2003: Then-Democratic Sen. Lieberman was one of the lawmakers who voted to authorise the Iraq War and who steadfastly defended his position long after it became clear that the invasion was a mistake. “I think the world is a lot better off, notwithstanding all the problems in Iraq,” Lieberman told MSNBC in 2015 after the Islamic State took control of parts of that country. “I think the world is better off and the region is better off and the people of Iraq are better off.” 

2020: Assassinating Soleimani was “bold and unconventional,” Lieberman wrote in a Wall Street Journal op-ed criticising Democrats for not sufficiently praising the move. Killing Soleimani won’t lead to more war, Lieberman argued. On the contrary, he wrote, it will show Iranian leaders (and also North Korea’s Kim Jong Un) “our willingness to kill” and give them “much to fear.” 

Barry McCaffrey

2003: McCaffrey, a retired four-star Army general and drug czar in the Clinton administration was part of the Committee for the Liberation of Iraq, a group that parroted Bush administration talking points and encouraged the public to support regime change. Days before the invasion, NBC’s Tom Brokaw asked him if he had any concerns about going to war. “Well, I don’t think I have any real serious ones,” McCaffrey said. 

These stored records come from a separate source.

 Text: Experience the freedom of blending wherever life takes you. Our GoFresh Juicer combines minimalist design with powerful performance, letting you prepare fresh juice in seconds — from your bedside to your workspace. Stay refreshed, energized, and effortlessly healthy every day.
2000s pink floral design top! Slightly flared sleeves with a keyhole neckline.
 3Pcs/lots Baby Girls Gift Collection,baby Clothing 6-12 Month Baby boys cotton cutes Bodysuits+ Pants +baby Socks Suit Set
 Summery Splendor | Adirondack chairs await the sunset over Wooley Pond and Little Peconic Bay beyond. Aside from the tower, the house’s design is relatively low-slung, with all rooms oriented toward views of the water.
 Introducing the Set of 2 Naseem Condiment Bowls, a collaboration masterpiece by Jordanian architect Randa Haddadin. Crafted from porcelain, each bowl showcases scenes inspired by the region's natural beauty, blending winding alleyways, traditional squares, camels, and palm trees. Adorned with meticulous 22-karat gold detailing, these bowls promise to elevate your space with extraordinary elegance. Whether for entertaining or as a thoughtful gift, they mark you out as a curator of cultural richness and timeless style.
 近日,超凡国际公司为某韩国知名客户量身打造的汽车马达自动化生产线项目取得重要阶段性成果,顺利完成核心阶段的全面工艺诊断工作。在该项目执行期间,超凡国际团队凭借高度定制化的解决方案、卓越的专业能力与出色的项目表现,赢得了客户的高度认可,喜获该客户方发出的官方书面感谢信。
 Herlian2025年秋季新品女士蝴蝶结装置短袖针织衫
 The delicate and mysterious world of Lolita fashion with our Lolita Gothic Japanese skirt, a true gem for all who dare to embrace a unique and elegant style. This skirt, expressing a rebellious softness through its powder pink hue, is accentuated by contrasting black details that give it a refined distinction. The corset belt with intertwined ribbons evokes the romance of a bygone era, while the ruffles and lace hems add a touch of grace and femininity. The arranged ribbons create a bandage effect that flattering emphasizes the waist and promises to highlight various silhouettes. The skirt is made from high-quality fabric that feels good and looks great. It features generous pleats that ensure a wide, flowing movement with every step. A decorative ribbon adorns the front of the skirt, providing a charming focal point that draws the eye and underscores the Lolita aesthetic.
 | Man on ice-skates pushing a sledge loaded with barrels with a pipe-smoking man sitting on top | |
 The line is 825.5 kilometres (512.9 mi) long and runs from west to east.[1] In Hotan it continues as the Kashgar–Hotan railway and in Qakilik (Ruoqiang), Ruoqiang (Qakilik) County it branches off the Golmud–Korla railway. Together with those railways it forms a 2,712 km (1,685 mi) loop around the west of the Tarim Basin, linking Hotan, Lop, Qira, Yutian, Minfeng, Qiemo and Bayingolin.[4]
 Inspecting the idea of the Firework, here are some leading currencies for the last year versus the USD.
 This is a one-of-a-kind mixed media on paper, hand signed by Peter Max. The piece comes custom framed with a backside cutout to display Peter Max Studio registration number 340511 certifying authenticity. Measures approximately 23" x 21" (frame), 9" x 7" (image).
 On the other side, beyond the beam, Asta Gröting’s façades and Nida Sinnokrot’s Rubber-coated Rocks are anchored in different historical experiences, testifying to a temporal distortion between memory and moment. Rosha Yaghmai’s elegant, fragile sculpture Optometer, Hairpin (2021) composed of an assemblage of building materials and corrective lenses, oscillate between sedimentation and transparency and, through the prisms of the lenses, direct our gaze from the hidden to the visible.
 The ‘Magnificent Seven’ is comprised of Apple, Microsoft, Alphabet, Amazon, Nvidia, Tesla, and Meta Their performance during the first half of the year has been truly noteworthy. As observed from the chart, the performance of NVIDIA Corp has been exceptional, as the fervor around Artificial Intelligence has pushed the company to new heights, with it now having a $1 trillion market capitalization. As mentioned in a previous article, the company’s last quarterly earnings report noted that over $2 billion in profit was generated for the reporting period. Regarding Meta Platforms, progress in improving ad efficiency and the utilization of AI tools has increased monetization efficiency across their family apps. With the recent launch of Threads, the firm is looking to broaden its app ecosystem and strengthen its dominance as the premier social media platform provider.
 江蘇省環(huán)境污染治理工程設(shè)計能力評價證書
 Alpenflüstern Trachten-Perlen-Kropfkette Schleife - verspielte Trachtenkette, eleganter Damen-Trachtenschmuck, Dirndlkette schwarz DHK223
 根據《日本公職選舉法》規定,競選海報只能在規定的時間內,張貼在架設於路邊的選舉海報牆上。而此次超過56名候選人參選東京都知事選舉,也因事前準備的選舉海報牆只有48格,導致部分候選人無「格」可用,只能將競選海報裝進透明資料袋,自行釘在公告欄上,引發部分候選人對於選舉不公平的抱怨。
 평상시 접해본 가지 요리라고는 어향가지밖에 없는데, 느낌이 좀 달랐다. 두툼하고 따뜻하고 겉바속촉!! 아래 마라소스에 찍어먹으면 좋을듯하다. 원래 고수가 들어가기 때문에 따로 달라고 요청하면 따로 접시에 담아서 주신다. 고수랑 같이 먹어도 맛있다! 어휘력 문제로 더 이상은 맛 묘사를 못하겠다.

2020: “The days ahead are going to be perilous because our only good response at this point is an overwhelming dominance of US air and naval power that can be employed against the Iranian homeland,” McCaffrey said on MSNBC after the Iranian missile attacks on the US bases in Iraq. “When that goes, we’re really into high-intensity warfare with the Iranians.” 

Tom Friedman

2003: The Iraq War was “unquestionably worth doing,” Friedman, a New York Times columnist, told talk show host Charlie Rose in a May 2003 interview. According to Friedman, there was a “terrorism bubble” in the 1990s that led to the Sept. 11 attacks. Saddam Hussein was not involved in those attacks, but that appears to have been irrelevant to Friedman.

“What we needed to do was to go over to that part of the world, I’m afraid, and burst that bubble,” Friedman told Rose. “We needed to go over there basically and take out a very big stick, right in the heart of that world, and burst that bubble. And there was only one way to do it. … What they needed to see was American boys and girls going house to house, from Basra to Baghdad, and basically saying, ‘Which part of this sentence don’t you understand? … Well, suck on this.’”

2020: “One day they may name a street after President Trump in Tehran” for killing Soleimani, Friedman predicted in a New York Times column. He went on to admit that he had no idea what would happen next in the Middle East, but what he did know was that Mother Nature would punish the region with climate change for “celebrating self-promoting military frauds.”

Bret Stephens

2003: As editor-in-chief of The Jerusalem Post, Stephens named Iraq War architect Paul Wolfowitz the newspaper’s 2003 “Man of the [Jewish] Year” for authoring the “doctrine of preemption, which framed the war in Iraq and which, when it comes to it, will underpin U.S. action against other rogue states.” In 2008, Stephens declared victory in Iraq and bragged about winning a $100 bet with political scientist Francis Fukuyama over whether Iraq would be a “mess” five years after the invasion.

2020: The problem with Trump’s Iran policy is that he didn’t use military action sooner, Stephens argued in a New York Times column. Going forward, the U.S. should show a willingness to negotiate over Iran’s “regional aggression and expanding nuclear program” in exchange for sanctions relief, Stephens advised, failing to mention that Trump had willfully tanked a similar agreement. The U.S. should also threaten “deliberately disproportionate retaliation to any Iranian aggression, no matter whether it’s carried out by Iran or its proxies, and no matter whether it aims at us or our allies,” Stephens concluded.